Claire Windsor (born Clara Viola Cronk; April 14, 1892 – October 24, 1972) was an American film actress of the silent screen era.

Early life
Windsor was born Clara Viola Cronk (nicknamed "Ola") in 1892 in Marvin, Phillips County, Kansas to parents of Scandinavian descent, George Edwin Cronk and Ella Rose Fearing (later called "Rosella"), who married on October 21, 1885 in Davenport, Iowa. Their first child, a son, died shortly after birth. Her parents later moved to Cawker City, Kansas when she was two years old. At some point, Claire's sister, Nellie, was born. Claire attended Washburn Preparatory Academy in Topeka from 1906-07. After a year at Broadway High School, Seattle, Washington, she returned as a student in the Fine Arts Department at Washburn College. 

Intent on further refining her daughters' education and position in society, Rosella and her daughters returned to Seattle in the fall of 1910. On July 14, 1913, Claire ("Ola") was chosen for the role of Empress during the lavish musical production of Jappyland. While living in Seattle, Ola met David Willis Bowes and the intense relationship continued by correspondence after Mr. Bowes' return to Denver. Soon a June wedding was planned, but en route back to Kansas, Ola and Bowes wed secretly on May 13, 1914, in Denver, Colorado. The union resulted in the birth of a son, David Willis Bowes Jr., on September 9, 1916, but the couple soon went their separate ways. Bowes officially filed for divorce on September 14, 1920. 

Ola moved to California to be reunited with her parents who had recently retired. Seeking a way to support herself and baby son, Ola took the advice of a friend and quickly found employment at the movie studios.
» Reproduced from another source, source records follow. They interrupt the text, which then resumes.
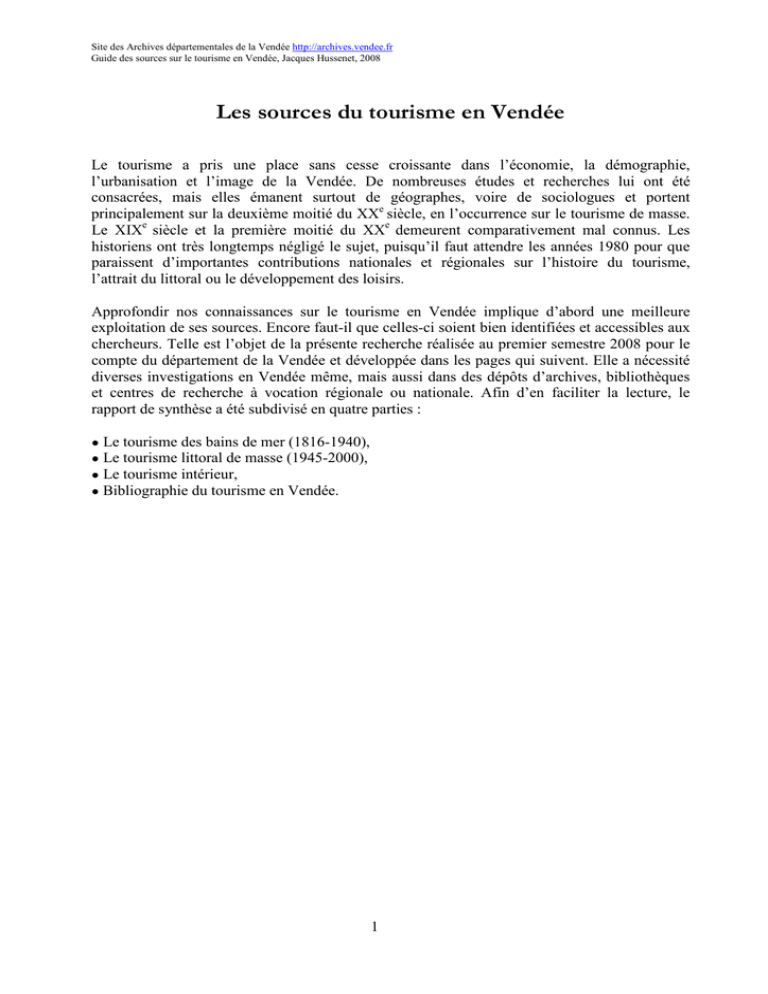 Site des Archives départementales de la Vendée http://archives.vendee.fr Guide des sources sur le tourisme en Vendée, Jacques Hussenet, 2008 Les sources du tourisme en Vendée Le tourisme a pris une place sans cesse croissante dans l’économie, la démographie, l’urbanisation et l’image de la Vendée. De nombreuses études et recherches lui ont été consacrées, mais elles émanent surtout de géographes, voire de sociologues et portent principalement sur la deuxième moitié du XXe siècle, en l’occurrence sur le tourisme de masse. Le XIXe siècle et la première moitié du XXe demeurent comparativement mal connus. Les historiens ont très longtemps négligé le sujet, puisqu’il faut attendre les années 1980 pour que paraissent d’importantes contributions nationales et régionales sur l’histoire du tourisme, l’attrait du littoral ou le développement des loisirs. Approfondir nos connaissances sur le tourisme en Vendée implique d’abord une meilleure exploitation de ses sources. Encore faut-il que celles-ci soient bien identifiées et accessibles aux chercheurs. Telle est l’objet de la présente recherche réalisée au premier semestre 2008 pour le compte du département de la Vendée et développée dans les pages qui suivent. Elle a nécessité diverses investigations en Vendée même, mais aussi dans des dépôts d’archives, bibliothèques et centres de recherche à vocation régionale ou nationale. Afin d’en faciliter la lecture, le rapport de synthèse a été subdivisé en quatre parties : ● Le tourisme des bains de mer (1816-1940), ● Le tourisme littoral de masse (1945-2000), ● Le tourisme intérieur, ● Bibliographie du tourisme en Vendée. 1 Site des Archives départementales de la Vendée http://archives.vendee.fr Guide des sources sur le tourisme en Vendée, Jacques Hussenet, 2008 1 – Le tourisme des “bains de mer” (1816-1940) La mode des bains de mer, importée de Grande Bretagne, fait son apparition aux Sables d’Olonne vers 1816. Elle est d’abord limitée à quelques dizaines de personnes, puis en concerne un gros millier entre 1850 et 1860. L’ouverture de voies de chemins de fer à partir des années 1860 élargit l’offre touristique à d’autres secteurs du littoral : Saint-Gilles, Noirmoutier, La Tranche-sur-Mer, Saint-Jean-de-Monts, Croix-de-Vie. Réservé aux classes privilégiées, ce premier âge du tourisme atteint son apogée à la Belle Epoque et repose sur quelques centres d’intérêt : la plage, les promenades, les casinos, les fêtes. L’accueil se fait en hôtel, chez l’habitant et dans des villas ou “chalets”. L’entre-deux-guerres prolonge cette période, tout en y introduisant des changements significatifs. Ainsi, l’automobile et les autocars commencent à concurrencer le chemin de fer. Les classes moyennes font leur apparition et – plus timidement – les classes populaires (congés payés). Le littoral est également fréquenté par de nouvelles catégories d’estivants : les campeurs et les enfants des colonies de vacances. Certains d’entre eux prennent pied à l’Ile d’Yeu. A la veille de la Deuxième Guerre mondiale, la côte vendéenne accueille entre 100 000 et 200 000 touristes répartis sur une douzaine de stations. C’est logiquement aux Archives départementales de la Vendée et dans certaines Archives communales que se trouvent les sources principales de cette longue période. Quelques dépôts extérieurs ont été explorés, mais sur des segments particuliers. 1.1 – Les Archives départementales de la Vendée ● Administration générale – 4 M 107-110 : Police des jeux, dont casinos (1866-1940). – 4 M 152-153 : Statistiques annuelles d’estivants aux Sables d’Olonne établies par le commissariat de police (1880-1894). – 4 M 201-202 : Produits des jeux dans les casinos des Sables d’Olonne (1894-1910). – 4 M 219 : Etats numériques des estivants aux Sables d’Olonne dressés par le commissariat de police (1937-1939). – 6 M 1099 : Enquêtes sur la fréquentation touristique en Vendée, à la demande des services de la Jeunesse et des Sports (1937-1938). – 7 M 209-210 : Amodiations de cabines de bains dans diverses communes du littoral vendéen (1925-1940). – 7 M 213 : Autorisations de campings saisonniers accordées par l’Etat dans les forêts dunaires (1935-1939). – 7 M 215 : Concessions accordées à des particuliers et à diverses colonies de vacances en forêts et dunes domaniales (1924-1940). – 8 M 420 : Enquêtes sur les hôtels de tourisme de la Vendée (1937-1939). La série M regroupe la documentation la plus fournie sur les premiers âges du tourisme. On notera cependant qu’elle fait la part belle aux Sables d’Olonne et qu’elle ne contient rien sur la première moitié du XIXe siècle. ● Affaires communales – 1 Ø 487 : Travaux dans le château de Noirmoutier (1856-1920). – 1 Ø 614 : Les Sables d’Olonne : bois de La Rudelière (1897-1914) et hippodrome de La Lande (1912-1921). 2 Site des Archives départementales de la Vendée http://archives.vendee.fr Guide des sources sur le tourisme en Vendée, Jacques Hussenet, 2008 – 1 Ø 616 : Les Sables d’Olonne : bains de mer et machines à baigner (1823-1904). Casinos (1836-1904). – 1 Ø 706 : Bains de mer à Saint-Jean-de-Monts (1898). – 1 Ø 894 : Remise en état de la plage de Croix-de-Vie (1936). – 1 Ø 951 : Protection du littoral à Longeville-sur-Mer (1930-1933). – 1 Ø 1029 : Champ de courses des Sables d’Olonne (1900-1922). – 1 Ø 1126 : Château de Talmont (1920). – 1 Ø 1345 : Cabines sur le remblai de Saint-Gilles-sur-Vie (1938). – 3 Ø 3148 : Réalisation de lotissements aux Sables d’Olonne, à Saint-Gilles et Croix-de-Vie (1927-1942). Ce fonds disparate a l’avantage de livrer des informations sur les premiers bains de mer aux Sables d’Olonne et sur des réalisations intéressant sept communes littorales. ● Travaux publics – S 921 : Réali
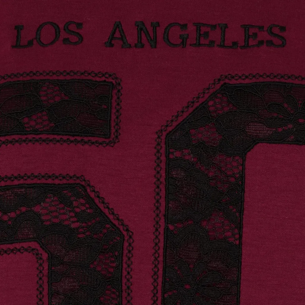 Bordeauxfarvet sweatshirt fra Marta Du Chateau med sort 50 tal og teksten LOS ANGELES Champions på forsiden. Sweatshirten har blondedetaljer og dekorative syninger.
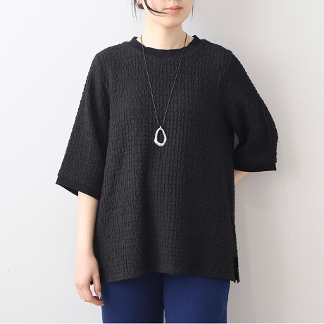 ポコポコとした立体的な表面感が魅力の、表情豊かなカットソー素材を使用。
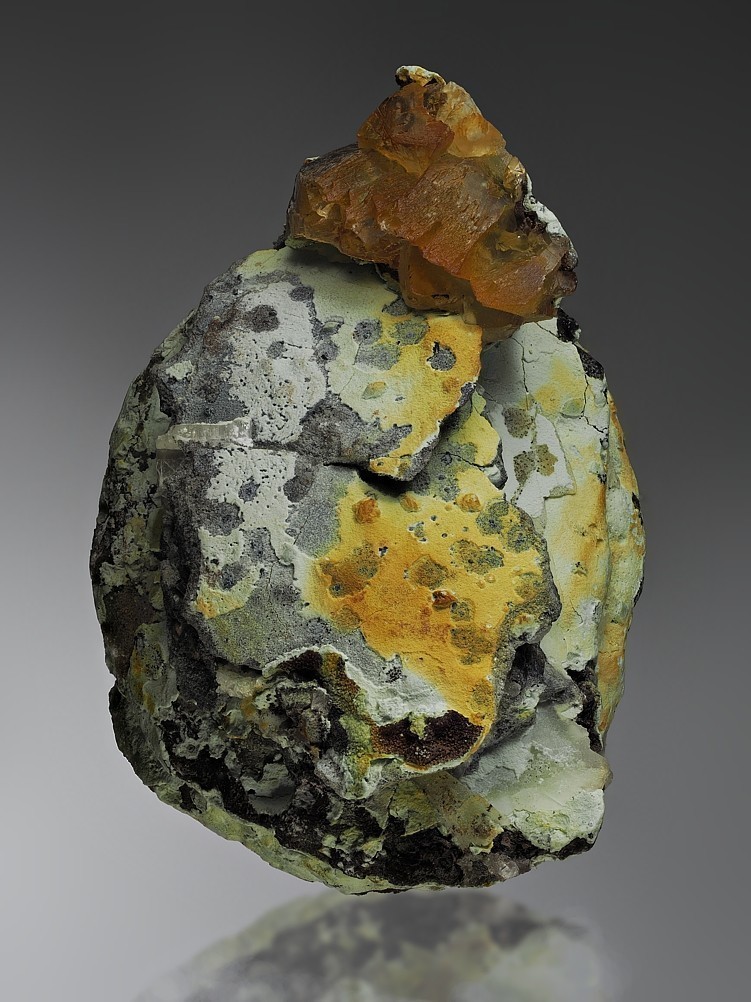 pseudokubische, gelbe Eisenkiesel mit Hämatit. Vom FO Kallenhardt, im Sauerland. Ein Fund von 1978.
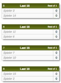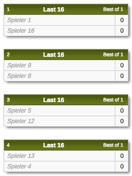 Die Nummern 1 und 2 werden in die Felder „Spieler 1” bzw. „Spieler 2” gesetzt, die Nummern 3 bis 8 werden in der Reihenfolge, die der Zufallsgenerator vorgibt, in den Raster gesetzt, und zwar der Reihe nach in die Felder „Spieler 3“ bis „Spieler 8“. Dann folgen die Nummern 9 bis 16, die in die Felder „Spieler 9“ bis „Spieler 16“ laut unten stehender Grafik gelost werden.
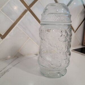 A Vintage Santa Claus clear glass jar for kitchen storage or candy, featuring a festive design. Ideal for holiday decoration and practical use.
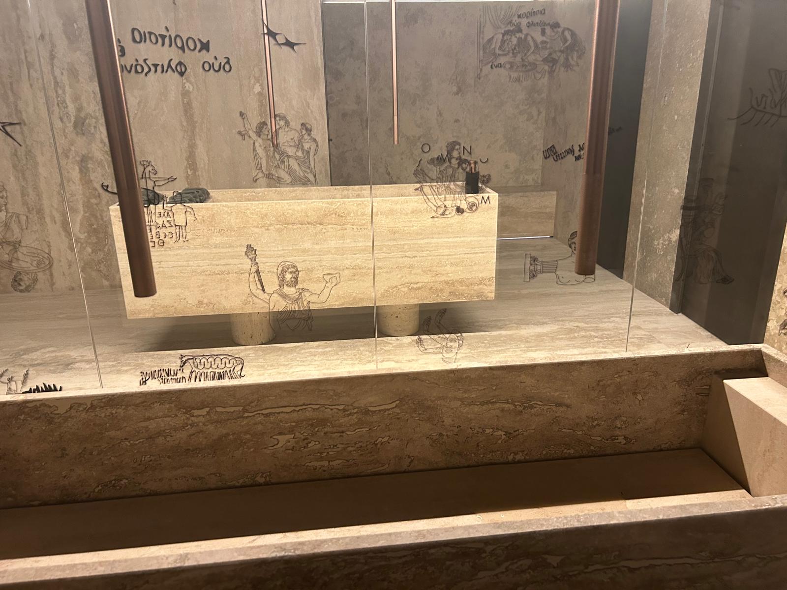Neanche la toilette sfugge all’attenta narrazione che parte dai luoghi e finisce a tavola. Gli arredi si caratterizzano per installazioni a tema fallico, antenate dello scaramantico corno napoletano, e riportano all’ambiente lascivo della popina.
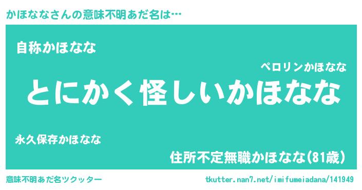 | 胡散臭い通販商品みたいなあだ名 | 『信頼と実績のサプリメント…その名も「かほなな」』 |
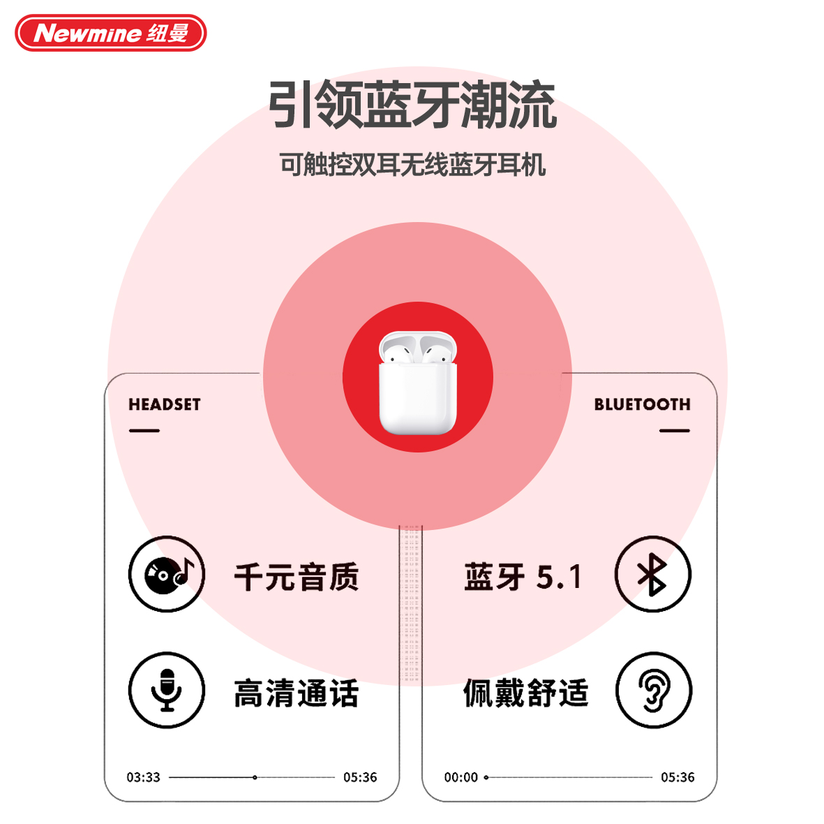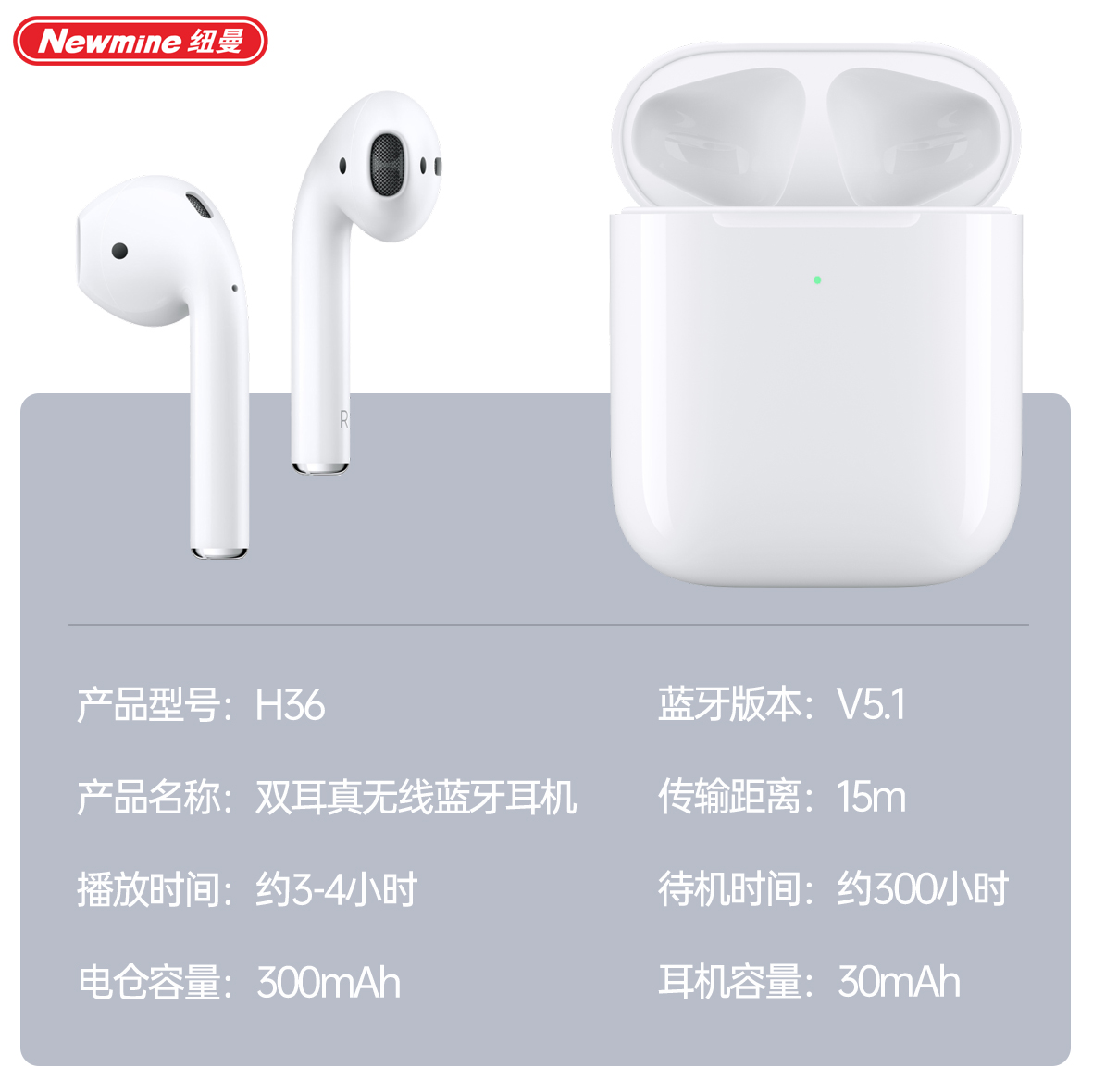 商品名称:Newmine/纽曼双耳真无线蓝牙耳机H36

Initially receiving only bit parts, she was soon spotted by Lois Weber, a highly regarded and influential director and producer of silent films for Paramount Pictures. Weber immediately signed Windsor to a contract.

Career climb

Claire Windsor's film debut was in the 1920 release of Lois Weber's To Please One Woman which was only a modest success. To promote the nascent starlet, Paramount Pictures often paired Windsor with the newly divorced actor Charlie Chaplin in publicity photographs, leading the tabloid press to give mention to the young actress in print. In 1921, Windsor costarred with Louis Calhern in Weber's The Blot (1921). 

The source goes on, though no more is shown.